Getting low merged reads

[rahulnccs]

Thanks for such a wonderful package. We have been using DADA2 in our lab since its release and completed 5 projects till date. Lately, I am dealing with one microbiome dataset and getting terribly less number of merged reads. The data is generated by Illumina 2*300 chemistry and is of good quality. However, as per info provided below, despite of having good number of filtered reads, we are getting terribly low merged sequences. What would be the reason, I am unable to figure it out. We tried with increased truncLen, still no improvement in the output.
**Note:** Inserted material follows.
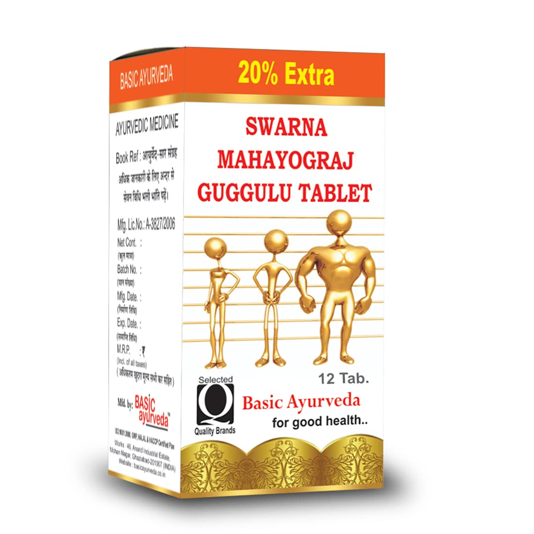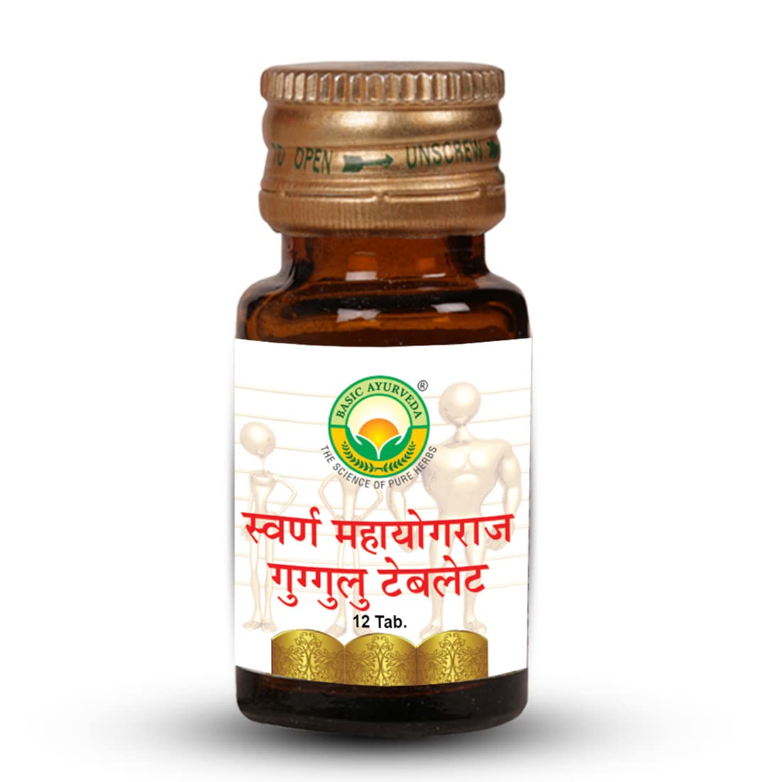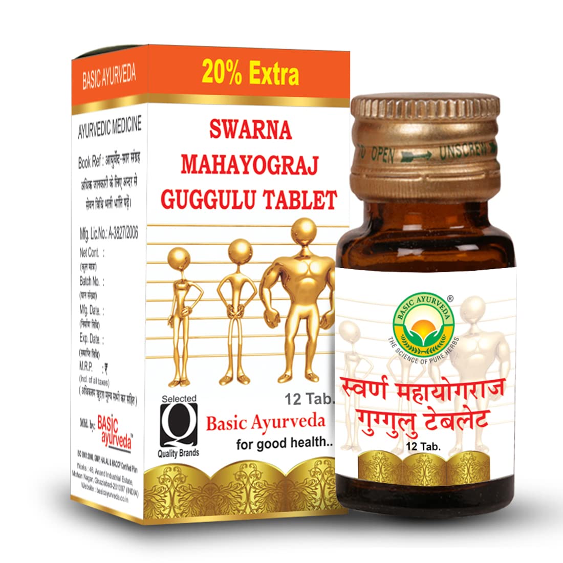 HomeHealth & PersonalDiet & NutritionHealth SupplementsBASIC AYURVEDA Swarna Mahayograj Guggulu with Gold 12 Tablets Pack of 2 | Ayurvedic Supplements for Helps Vata & Pain Health | A Powerful Blend of Natural Ingredients Extra Strength Formula
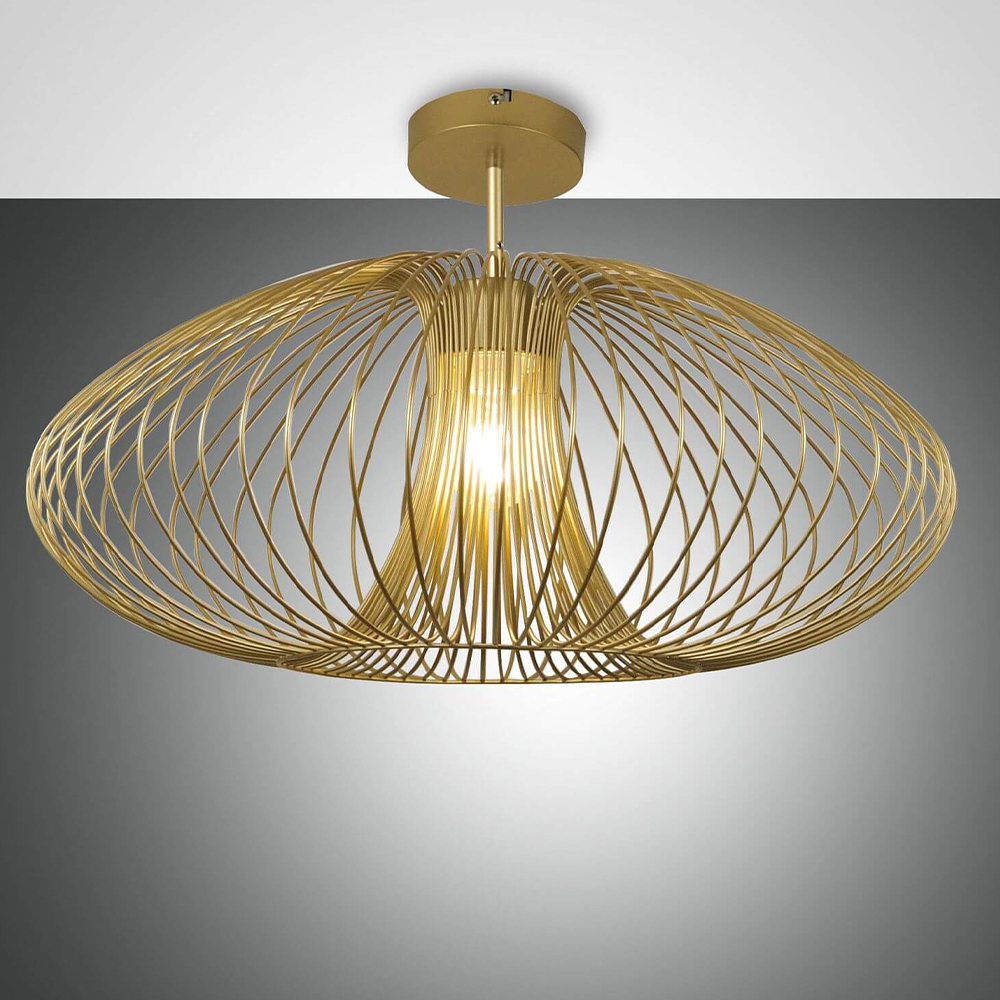 Die Fassa Deckenleuchte ist ein echter Blickfang. Die geometrische Leuchte ist aus Drahtstreben gefertigt und verfügt über einen doppelten Korb aus gebogenem Drahtgeflecht. Wählen Sie selbst eine passende Glühbirne, die Sie dann durch die symmetrisch angeordneten Drahtstreben bewundern können.

  | input | filtered | denoisedF | denoisedR | merged | nonchim outputAU001 | 99374 | 51075 | 50539 | 50556 | 1 | 1 outputAU002 | 81643 | 43170 | 42750 | 42845 | 0 | 0 outputAU003 | 103017 | 63250 | 62518 | 62886 | 55 | 54 outputAU004 | 125042 | 57167 | 56967 | 56974 | 5 | 5 outputAU005 | 84017 | 41303 | 41063 | 40934 | 3 | 3 outputAU006 | 89357 | 910 | 696 | 896 | 0 | 0 outputAU007 | 75070 | 34757 | 34357 | 34524 | 2 | 2 outputAU008 | 106684 | 28745 | 28509 | 28476 | 0 | 0 outputAU009 | 105474 | 53395 | 52988 | 53201 | 2 | 2 outputAU010 | 94400 | 36068 | 35449 | 35825 | 14 | 14 outputAU011 | 101182 | 54081 | 53891 | 53743 | 0 | 0 outputAU012 | 36438 | 11385 | 11140 | 11083 | 0 | 0 outputAU013 | 90418 | 44372 | 43910 | 43998 | 0 | 0

For you insight I am providing quality plot profile and fastq files of some samples. Any help would be appreciated. outputAU001_S1_R1_001.fastq.gz outputAU001_S1_R2_001.fastq.gz outputAU006_S6_R1_001.fastq.gz outputAU006_S6_R2_001.fastq.gz

[benjjneb]

Could you also post the primer set used? And were the primers sequenced at the start of the reads?

[rahulnccs]

Thanks, @benjjneb for the quick response. We had targeted V3-V5 regions, the primer set is F357-R926. Yes, the fastqc showed that the data had Nextera transposase sequence as adapter content. However, I did trim the barcodes using cutadapt, I presume that would also trim the adapter sequence too.

[benjjneb]

I have not used this particular primer set, but I suspect the issue is that is is so long that your reads barely overlap. Going by the E. coli coords, 926-357 = 569nts of length for this amplicon. The primers are sequenced, and potentially some adapter as well. Indeed, when I inspect alignments of the most abundant raw sequences I get this:

fnF <- "~/Desktop/outputAU001_S1_R1_001.fastq.gz"
fnR <- "~/Desktop/outputAU001_S1_R2_001.fastq.gz"
sqF <- getSequences(derepFastq(fnF))
sqR <- getSequences(derepFastq(fnR))
unname(outer(sqF[1:5], rc(sqR[1:5]), nwhamming))

[,1] [,2] [,3] [,4] [,5]

[1,] 17 16 16 18 16 [2,] 76 77 77 0 77 [3,] 79 80 80 0 80 [4,] 79 80 80 0 80 [5,] 77 78 78 0 78

nwalign(sqF[2], rc(sqR[4]))

[1] "CCTACGGGAGGCAGCAGTGAGGAATATTGGTCAATGGGCGAGAGCCTGAACCAGCCAAGTAGCGTGAAGGATGAAGGTCCTACGGATTGTAAACTTCTTTTATACGGGAATAAAGTATCCTACGTGTAGGATTTTGTATGTACCGTATGAATAAGCATCGGCTAACTCCGTGCCAGCAGCCGCGGTAATACGGAGGATGCGAGCGTTATCCGGATTTATTGGGTTTAAAGGGAGCGCAGACGGGAGATTAAGTCAGTTGTGAAAGTTTGCGGCTCAACCGTAAAATTGCAGTTGATACTGG-------------------------------------------------------------------------------------------------------------------------------------------------------------------------------------------------------------------------------------------------------------------------------------" [2] "-------------------------------------------------------------------------------------------------------------------------------------------------------------------------------------------------------------------------------------------------------------------------------------CCGTAAAATTGCAGTTGATACTGGATATCTTGAGTGCAGTTGAGGCAGGCGGAATTCGTGGTGTAGCGGTGAAATGCTTAGATATCACGAAGAACTCCGATTGCGAAGGCAGCCTGCTAAGCTGCAACTGACATTGAGGCTCGAAAGTGTGGGTATCAAACAGGATTAGATACCCTGGTAGTCCACACGGTAAACGATGAATACTCGCTGTTTGCGATATACGGCAAGCGGCCAAGCGAAAGCGTTAAGTATTCCACCTGGGGAGTACGCCGGCAACGGTGAAACTCAAATGAATTGACGG"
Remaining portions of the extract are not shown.